Чувствуя себя в безопасности в родном городе, так преобразившемся в этот день, Йозеф сидел на колене у матери, которая покачивала его, напевала его любимый стишок — из тех, что так любят дети повсюду.
С этими словами хихикающего Йозефа опускали на пол, чтобы несколько мгновений спустя заключить в любящие материнские объятия. Это было идеальное завершение счастливого дня.
Йозеф Фритцль поклялся никогда не походить на отца — лентяя, вечно под хмельком, человека ненадежного, — однако ему было предназначено во многих отношениях скопировать его: свидетельством может послужить жажда власти, склонность распускать руки, когда слов не хватало, и неуемное либидо.
Мать Фритцля в 1920 году вышла замуж за человека по имени Карл Неннинг, но тот умер в 1927-м, примерно за восемь лет до рождения Йозефа. Замуж она больше никогда не выходила, но у нее был любовник, который пропадал часто и надолго. Это был двоюродный брат Марии, пьяница и вертопрах, и она навсегда выставила его за порог через четыре года после того, как он стал отцом Йозефа. Иметь внебрачного ребенка в католической, сверхконсервативной сельской Австрии по тем временам было все равно что увидеть на двери своего дома пурпурную букву — знак позора. Никакие попытки скрыть внебрачное происхождение ребенка не могли смягчить стыд, которым вдоволь попотчевали мать и ребенка соседи, но — как обнаружил впоследствии Фритцль — человеческая память коротка, и прошлое не так уж и сложно переписать.

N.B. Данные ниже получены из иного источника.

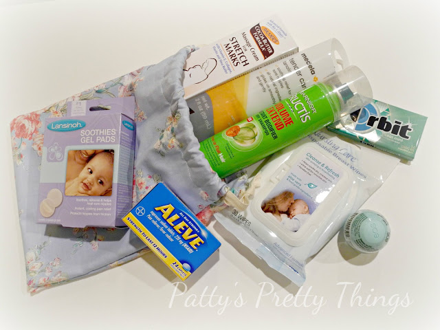 I loved this idea I saw on Pinterest of giving a Comfort Hospital Gift Bag to a new mother. So I sewed a little bag for our daughter in law and filled it up. It was so much fun sewing the bag and shopping for these special items to help her through the first few days of being a mommy.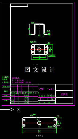 产品属于弯曲件,圆角过渡,所以方便设计模具,几字形弯曲件,属于四角弯曲件,尺寸没标公差,属于自由公差,弯曲R角大于0.5,所以无法选择小R角的计算公式,可以直接按毛坯的断面中性层尺寸计算,计算后,根据展开图设计合理的排样结构,然后设计模具结构,编制说明书。

Ко времени прихода нацистов в городок мальчику Йозефу оставалось прожить вместе с матерью и отцом всего лишь еще год в семейной квартире. Слабохарактерный, неусидчивый бродяжка и несчастливый в любви человек, отец уже однажды исчез из его жизни. Когда родился Йозеф, отец жил в соседнем городке, где работая на лесопилке. Но вскоре он вернулся. Любовники обосновались в квартире на Иббштрассе, 40, в доме, вспоминать о котором позже весь мир будет затаив дыхание.
Присутствие отца создавало напряженную атмосферу в доме, и родственники и друзья говорят, что маленький мальчик не раз собственными глазами наблюдал избиение матери. Он не мог не почувствовать облегчения, даже счастья, когда отец ушел навсегда; мальчику было тогда четыре года. Больше Йозеф его никогда не видел. Что стало далее с любовником Марии — история умалчивает, но отныне Йозеф превратился в маленького мужчину в доме — пустой сосуд, вскоре наполнившийся неврозами и проблемами, сопутствующими безотцовщине. Впоследствии все эти симптомы проявились в его характере с поразительной силой: повышенная агрессивность, ощущение своей «особенности» и непонятости, жажда скрытности, контроля над событиями, вошедшая в привычку ложь и стремление манипулировать людьми. Уход отца подготовил питательную почву для того, чтобы все эти черты пустили глубокие корни в душе мальчика. И все время мантра порядка, дисциплины и послушания, проповедовавшаяся в детском саду и нашедшая себе отражение в повседневной жизни австрийцев при новой власти, впитывалась его внутренней сутью.